Mehr Pop-Oper statt Biopic
Inszenatorisch schwankt die Serie zwischen ambitionierter Pop-Oper und überraschend schlichten Dialogen, die stellenweise eher an eine Vorabendserie erinnern. Der Versuch, klassische Stoffe für jüngere Zielgruppen zu öffnen, ist nachvollziehbar – doch nicht immer gelungen. Stilmittel, Musik und Figurenzeichnung greifen nicht konsequent ineinander.
Auch schauspielerisch bleibt „Mozart/Mozart“ unausgeglichen. Während erfahrene Darsteller wie Peter Kurth oder Verena Altenberger ihren Figuren trotz begrenzter Dialogtiefe Profil verleihen, bleibt die zentrale Mozart-Figur über weite Strecken blass. Da die Serie stark von der Dynamik der Geschwister lebt, fällt dieses Ungleichgewicht besonders ins Gewicht.
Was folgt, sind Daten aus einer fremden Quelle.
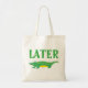 Die Tote Tasche zeigt eine originelle Marker-Abbildung eines grünen und gelben Cartoon-Alligators, mit LATER in einem lustigen grünen Schriftart. Der perfekte Weg, um SPÄTER, GATOR zu sagen! Sehen Sie nicht, wonach Sie suchen? Brauchen Sie Hilfe bei der Anpassung? Kontaktieren Sie Rebecca, um etwas für Sie entworfen zu haben.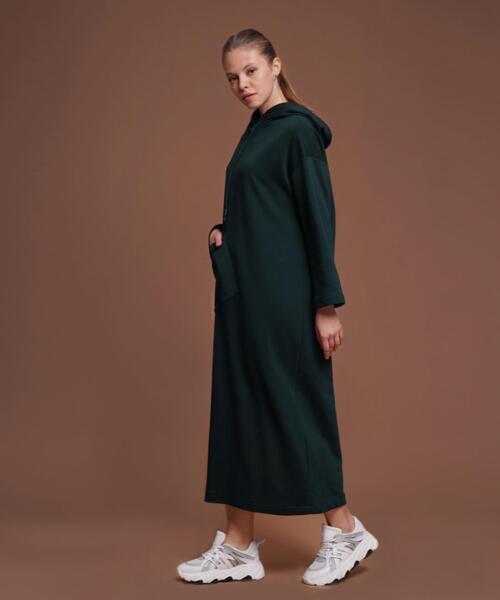 Long Three-Thread Sweat Dress – Emerald Green – 1082

Am deutlichsten zeigen sich die Schwächen in den frei erfundenen Handlungssträngen rund um Affären, Intrigen und Duelle. Je weiter sich die Serie von nachvollziehbaren Konflikten entfernt, desto schwerer fällt es, emotional mitzuhalten. Wenn Musik schließlich vor allem als Symbol dient, verliert sie paradoxerweise an Bedeutung – ausgerechnet in einer Serie über Mozart.
Große Idee, holprige Umsetzung
„Mozart/Mozart“ ist ein mutiger, visuell aufwendiger Versuch, einen klassischen Stoff neu zu erzählen. Die ARD geht bewusst Risiken ein und sucht den Anschluss an ein jüngeres Publikum. Doch zwischen feministischer Neubewertung, popkultureller Überzeichnung und historischer Fantasie verliert die Serie ihre erzählerische Balance. Wer sich auf ein modernes Märchen einlässt, findet interessante Ansätze. Wer jedoch Stringenz, Tiefe und musikalische Substanz erwartet, dürfte ernüchtert zurückbleiben.